U.S. Magistrate Judge Timothy Sullivan agreed to keep Patrik Mathews, 27, detained in federal custody pending a Jan. 30 preliminary hearing.
Mathews leaned back in his chair and quietly laughed when the magistrate read aloud a transcript of a video in which the Canadian national advocated for killing people, poisoning water supplies and derailing trains.
“This is a very dangerous person,” the magistrate said during Mathews’ detention hearing in Maryland. “He espouses very dangerous beliefs.”
Mathews and two other men were arrested last Thursday on federal felony charges in Maryland and Delaware, just days before they were believed to be headed to a pro-gun rally in Virginia’s capital. Federal prosecutors said in a court filing Tuesday that a hidden camera captured the men discussing “the planning of violence” at the rally and expressed hope that bloodshed could start a civil war. Monday’s event had attracted tens of thousands of people and ended peacefully.
“This is a domestic terrorist investigation,” Assistant U.S. Attorney Thomas Windom said Wednesday.
Defense attorney Joseph Balter said Mathews may have used “alarming” and “outrageous” language in conversations captured on video at a Delaware home in the days leading up to the rally.
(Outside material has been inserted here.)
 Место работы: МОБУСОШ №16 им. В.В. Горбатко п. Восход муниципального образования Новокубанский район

But Balter said his client’s statements are protected by the First Amendment as free speech and did not reflect any specific plans for violence.
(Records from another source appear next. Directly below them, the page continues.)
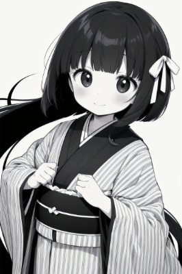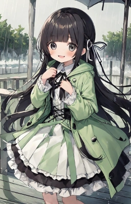 (((very longest hair))),black hair, smile,straight Hair,hair ribbon,Mintgreen stripe,Black Eyes,flat chest,straight Across bangs,princess Cut, Very Long Sideburn,roundry Head,Droping eyes,cute,Meekness,Bob Cut,long back hair,12 years Old, kimono,Raincoat,outdoor,
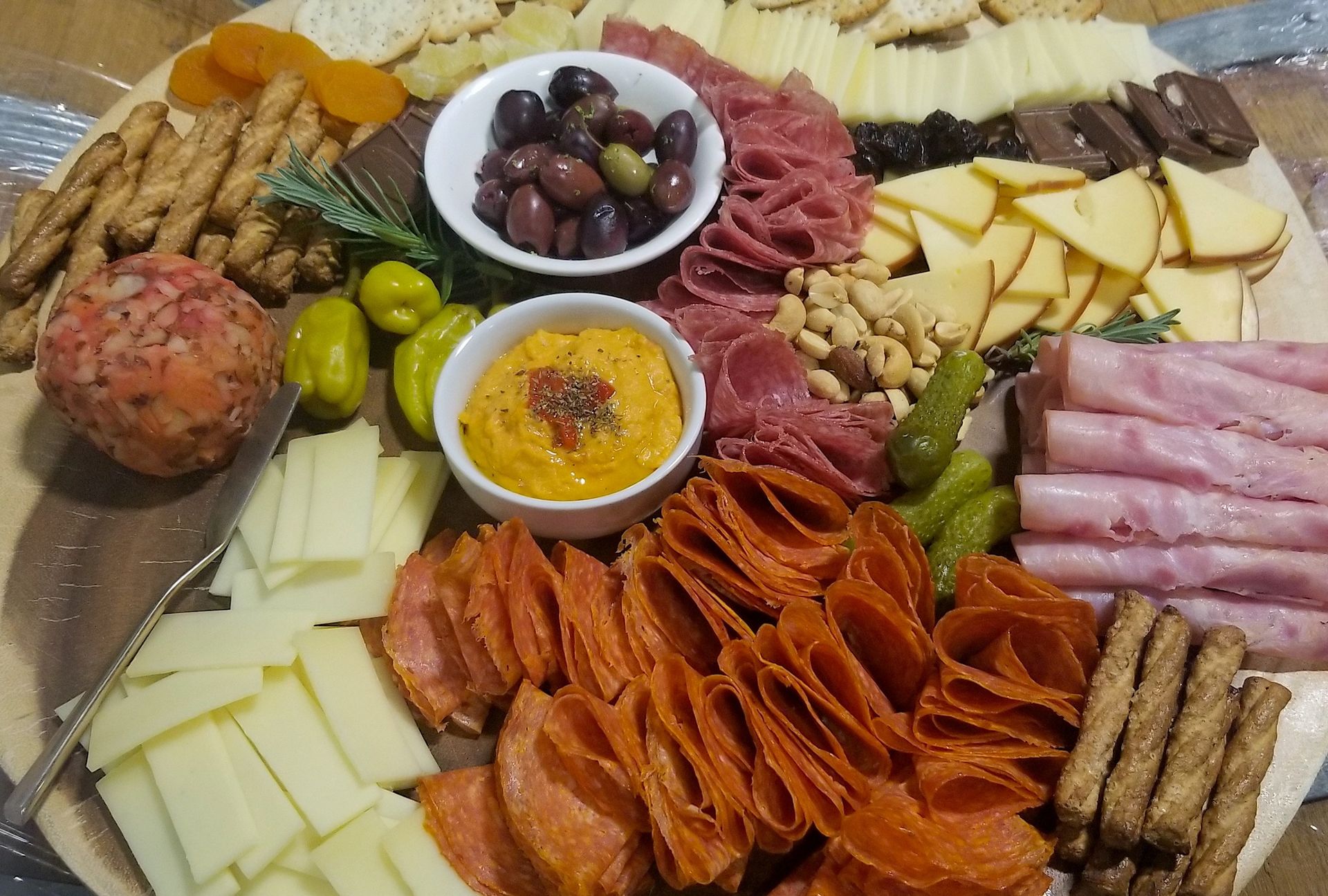 Deluxe grazing board, 2 hot appetizers, sparkling wine toast, and tasting flight of 3 wines.
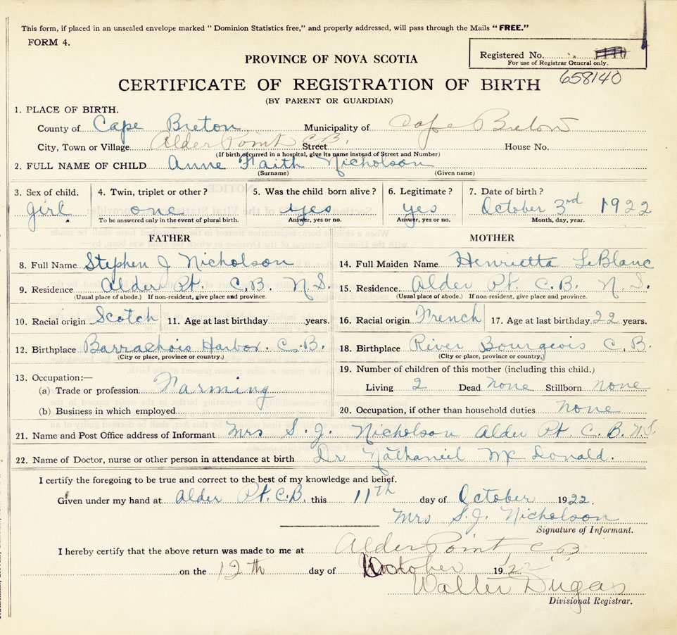 21. Name and Post Office address of Informant Mrs. Stephen Joseph Nicholson Alder Point, Cape Breton
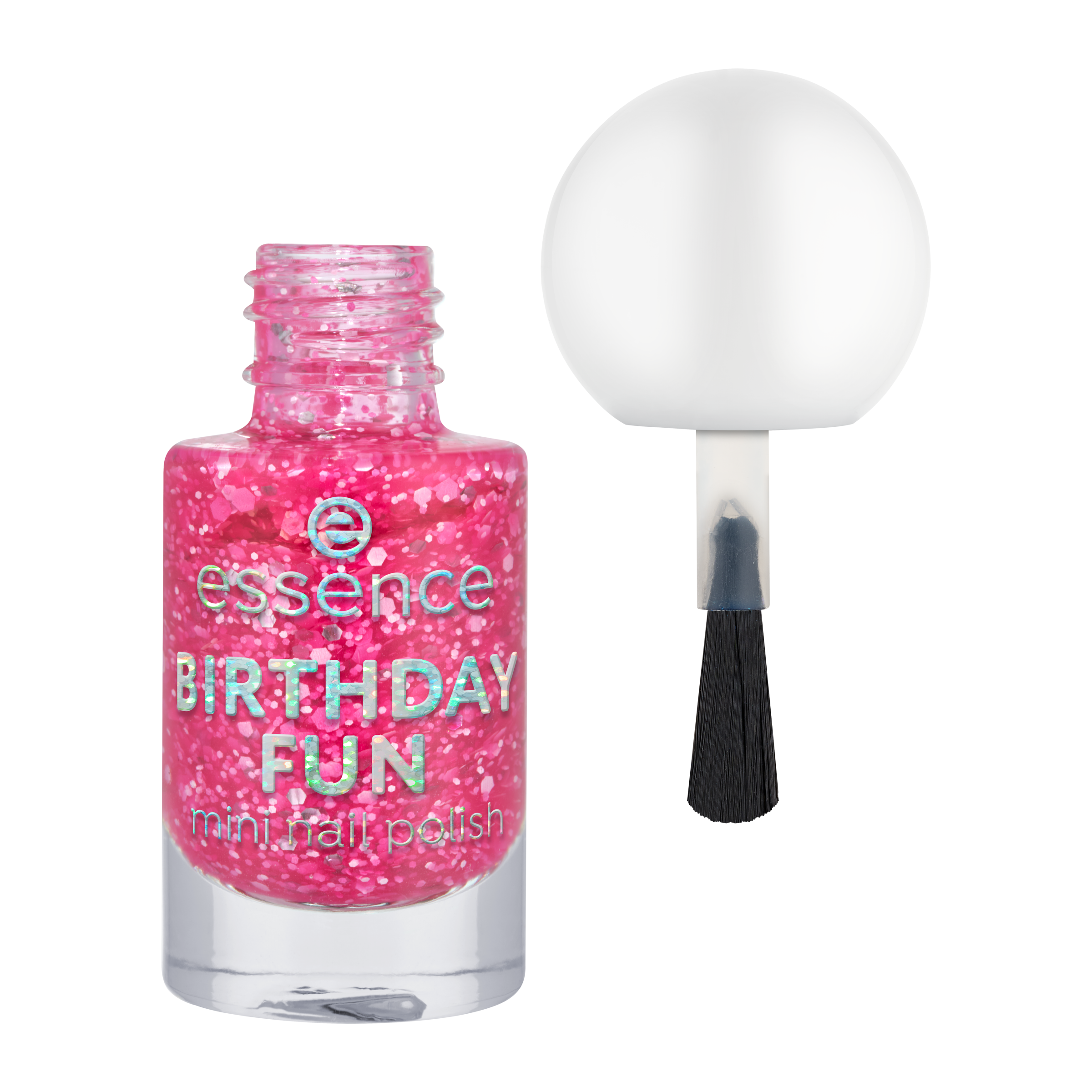 Velká zábava v malé lahvičce – esence mini lak na nehty Birthday Fun 05. Hravý obal s kulatým víčkem obsahuje lak na nehty s jemným třpytivým efektem s růžovými nuancemi. Ať už slavíte svůj speciální den nebo chcete překvapit kamaráda, s praktickým lakem na nehty se budete každý den cítit jako na oslavě. Můžete jej buď aplikovat samostatně, nebo použít jako krycí lak na vaši oblíbenou barvu pro extra třpyt.

“One man’s domestic terrorist can be another man’s exercise of his First Amendment rights,” Balter said.
Windom said the men were preparing for a civil war when they packed up food and other supplies that they apparently intended to use during and after the Virginia rally.
“Mr. Mathews was not arrested for violating the First Amendment of the Constitution,” Windom said.
Another man who was arrested, Brian Mark Lemley Jr., waived his right to a detention hearing. A third defendant, William Garfield Bilbrough IV, is expected to appear in court at separate detention hearing Wednesday.
A closed-circuit television camera and microphone installed by investigators in a Delaware home captured Mathews talking about the Virginia rally as a “boundless” opportunity, prosecutors said.
“And the thing is you’ve got tons of guys who … should be radicalized enough to know that all you gotta do is start making things go wrong and if Virginia can spiral out to … full blown civil war,” he said.
Lemley talked about using a thermal imaging scope affixed to his rifle to ambush unsuspecting civilians and police officers, prosecutors said.
“I need to claim my first victim,” Lemley said on Dec. 23, according to Tuesday’s detention memo.
“We could essentially like be literally hunting people,” Mathews said, according to prosecutors. “You could provide overwatch while I get close to do what needs to be done to certain things.”
FBI agents arrested Mathews, Lemley and Bilbrough as part of a broader investigation of The Base. Authorities in Georgia and Wisconsin also arrested four other men linked to the group.
Mathews and Lemley are charged with transporting a firearm and ammunition with intent to commit a felony. Bilbrough is charged with “transporting and harboring aliens.”
Bilbrough’s attorney, Robert Bonsib, said last Thursday that he was “underwhelmed” by a prosecutor’s arguments for keeping his client detained. Bilbrough was the only one of the three men not facing a firearms-related charge.